Supplied data:
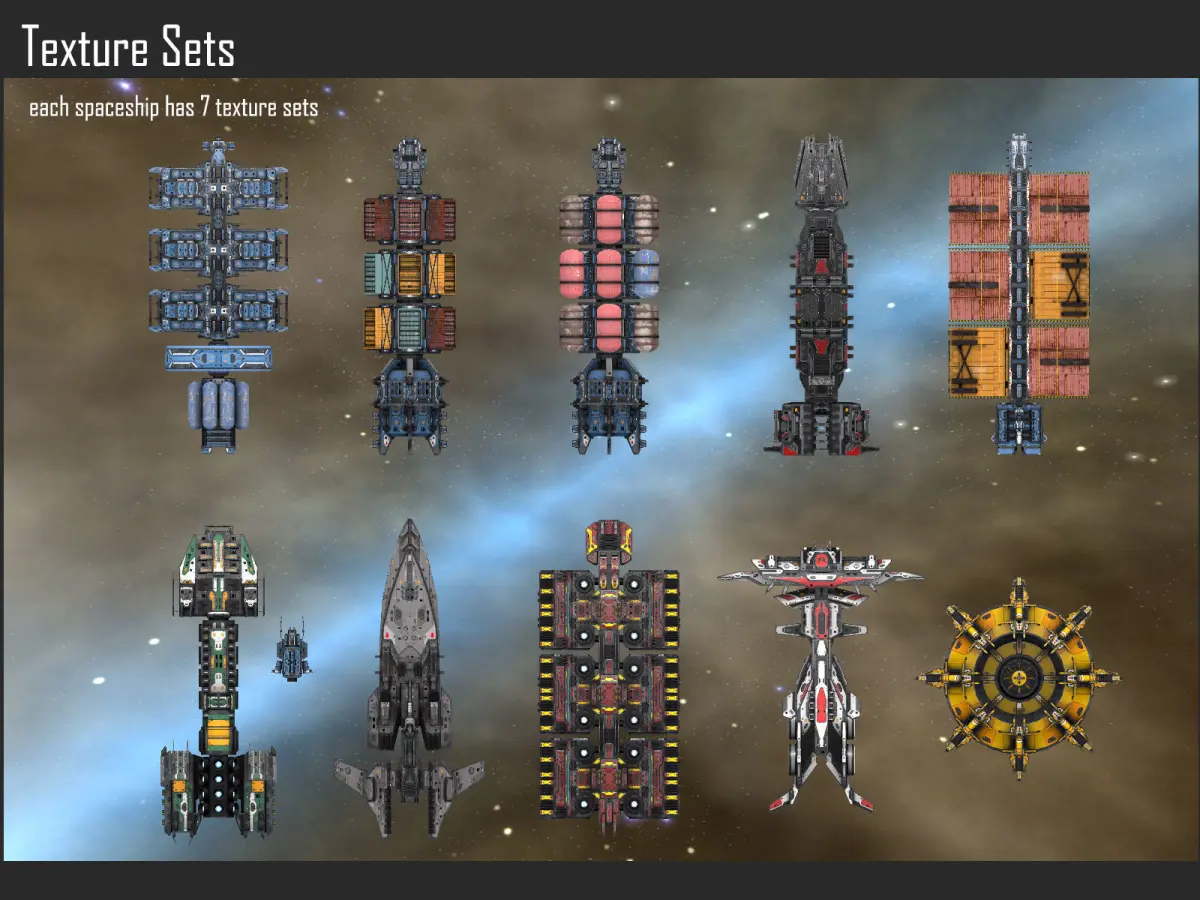 - Texture sizes are 4096 (ship texture atlas), 1024 (weapons) and 512 (missiles)
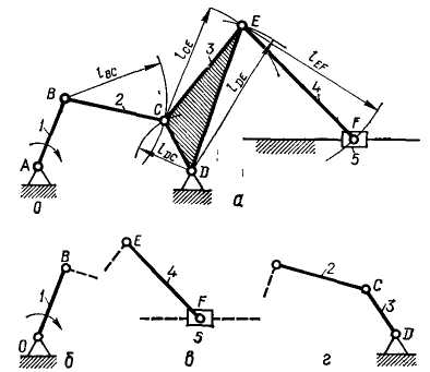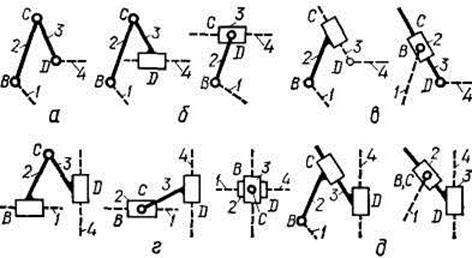 Наиболее распространенными являются группы второго класса, которые разделяют на пять видов. Вид группы второго класса определяется в зависимости от числа и относительного расположения поступательных и вращательных кинематических пар в ней (рис. 1.8, а — д).
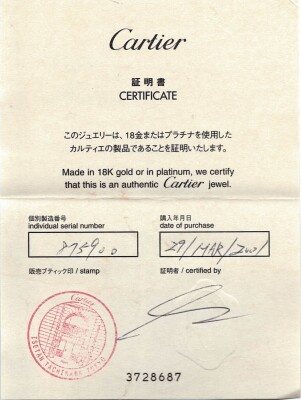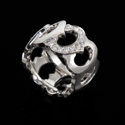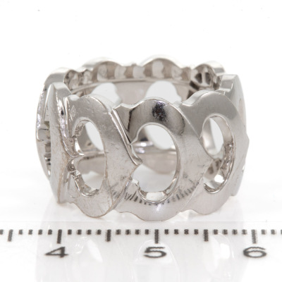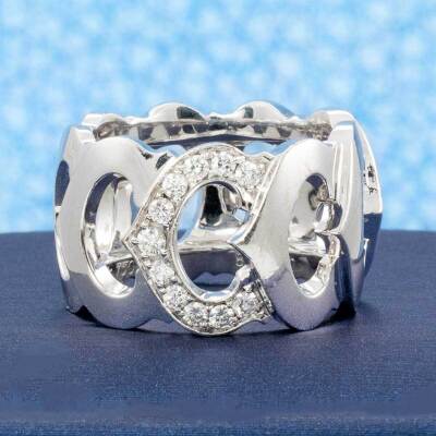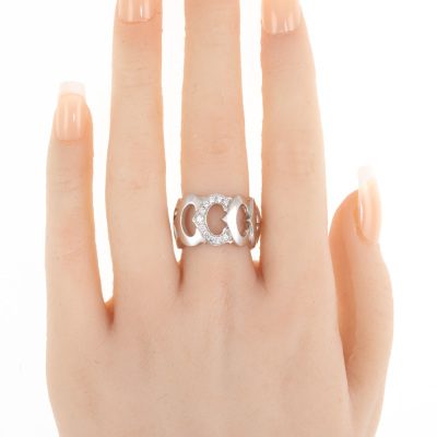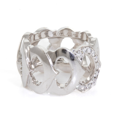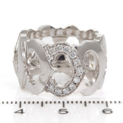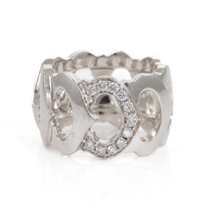 C de Cartier ring with round Natural Diamonds totalling approximately 0.25ct. 18ct white gold. Stamped size 52, L1/2- ring resizing is not recommended. Weight: 13.7g. With Cartier certificate dated 29/03/2001. Note - Ring band with light scratches. (Pre-owned)

Task goal:
When you return the listing, keep it exact and omit any pictures it holds.

Answer section:
 - Texture sizes are 4096 (ship texture atlas), 1024 (weapons) and 512 (missiles)
 Наиболее распространенными являются группы второго класса, которые разделяют на пять видов. Вид группы второго класса определяется в зависимости от числа и относительного расположения поступательных и вращательных кинематических пар в ней (рис. 1.8, а — д).
 C de Cartier ring with round Natural Diamonds totalling approximately 0.25ct. 18ct white gold. Stamped size 52, L1/2- ring resizing is not recommended. Weight: 13.7g. With Cartier certificate dated 29/03/2001. Note - Ring band with light scratches. (Pre-owned)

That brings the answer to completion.